Project Armadeus

 
#11

This is so cool!

#12

Wow ,.that is a really big robot , is he small enough to navigate your.home?

#13

Folks, thanks for all the favorable comments. I hope the pictures and text are providing the right level of detail to those following this thread. Considering the diverse audience, it's difficult to know where to draw the line. If anyone has any questions, feel free to ask.

With the arms down by its sides the robot is about 26" wide at the shoulders and easily navigates though a normal doorway. Obviously, I have to severely restrict its speed indoors. A 100+ pound robot rapidly accelerating (F=ma) can do a lot of damage in a very small period of time, as demonstrated by some unplanned modifications I made to a plastic shelving unit in my basement.

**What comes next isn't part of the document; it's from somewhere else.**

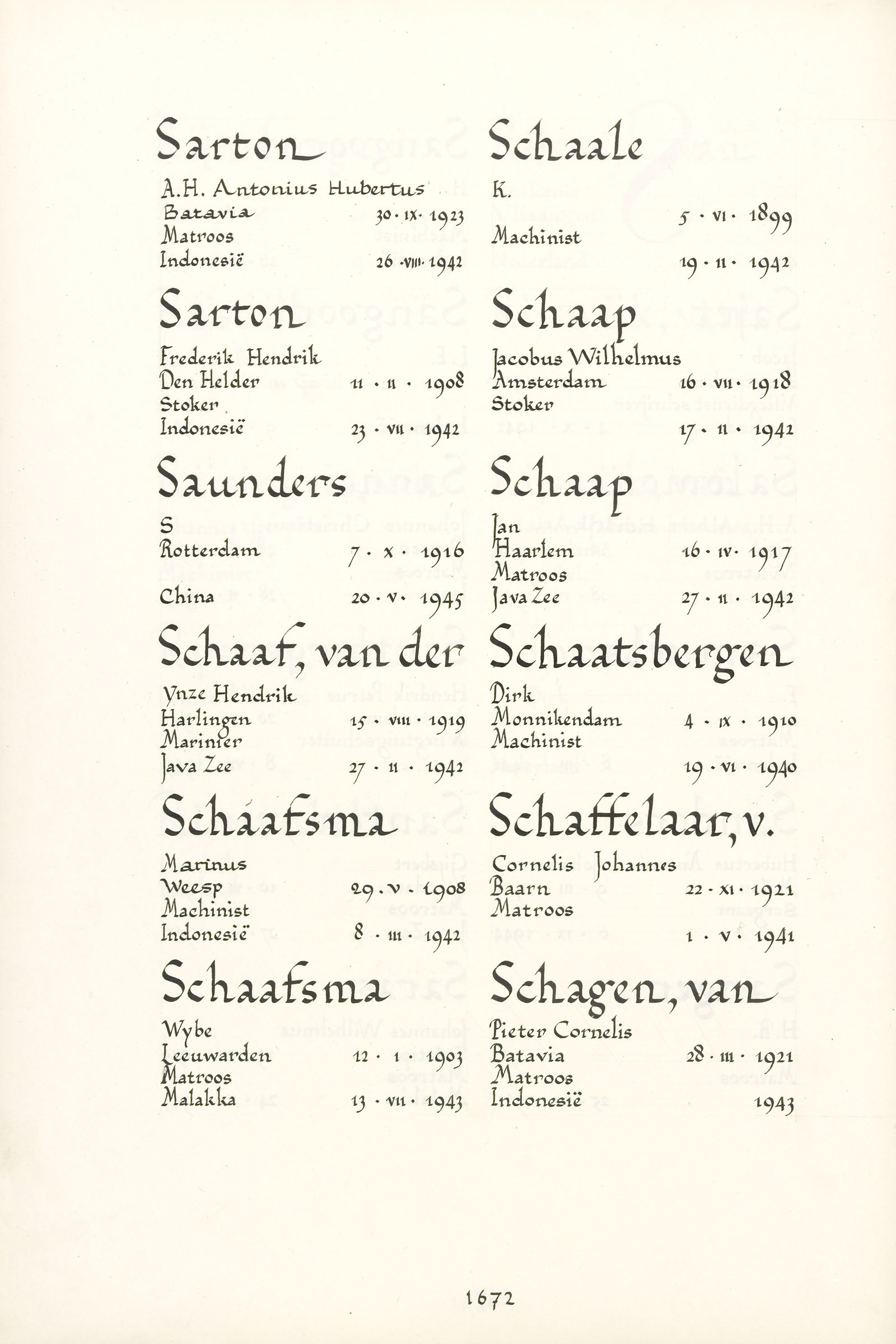 Ynze Hendrik van der Schaaf Geboortedatum: 15-08-1919 Geboorteplaats: Harlingen Datum van overlijden: 27-02-1942 Plaats van overlijden: Javazee Beroep: Marinier Groep: Koninklijke Marine Pagina: 1672 Pieke van der Schaaf Reactie toevoegen JavaScript moet ingeschakeld zijn om dit formulier te kunnen gebruiken. Comment Over tekstopmaak Platte tekst Geen HTML toegestaan. Regels en alinea's worden automatisch gesplitst. Web- en e-mailadressen worden automatisch naar links omgezet. Laat dit veld leeg blader download Permalink

The Mk7 is actually one of the smallest members of the ARMadeus family. An earlier Mk3 model was nearly 6 feet tall, weighed 165 pounds and, was prone to face plants if its speed and direction changed suddenly. It was much less modular in nature and never spent much time outside of my basement. More than anything else these robots provide an opportunity to improve my design and construction skills, allow me to explore multiple areas of science and engineering and, create something truly unique. All of my robots have a very short lifespan. Almost as soon as the current version is completed, I start thinking about improvements and modification for the next one. Mmm...What could I do with a second EZ-B?

#14

Lol , second ezb , twice as much as the first. My 3ft tall robot Jarvis is using two boards. All the sensors and motors control on the first and all the neck and arm servos on the second. This la my very first robot so I learn from.pictures and descriptions of them. My thread is like 185 pages of discussion and pics of mods and no one is complaining so take as many as possible =)

#15

Jim Milan: your work is spectacular, feel free to add a video or many videos from your robot in motion, I'm sure that will be pleasing to all. Smile

#16

Oh yes , videos for sure. Show us how it works

#17

Looks like it could survive a building collapsing on it - one tough looking robot..

#18

WOW

Very impressive Jim!
Great work.
Do I count 6 motor controllers?
I'm still saving for just 1 Sabertooth 2x25 ... lol
Being retired has some advantages (more time for robots) and disadvantages (a lot less funds).

Question:
It looks to me the front wheels are stationary.
How does it turn?

Really looking forward to seeing this one in a video.


Herr

#19

Herr,

Yes, 6 physical motor controllers. The sabertooths are dual for a total of 8 individual controllers. There are 2 drive motors and 6 linear actuators that need motor speed control. One smaller motor for the left hand gripper is controlled by a relay. 4 servos handle the rest of the movement functions.

The robot uses front wheel drive. The two front drive motors have a common keyed shaft that comes out both sides of the motor's gearbox. A pair of wheels are mounted on keyed hubs that mate with the shafts. Driving the two drive motors in opposite directions along with the unpowered rear omni wheels allow the robot to turn easily.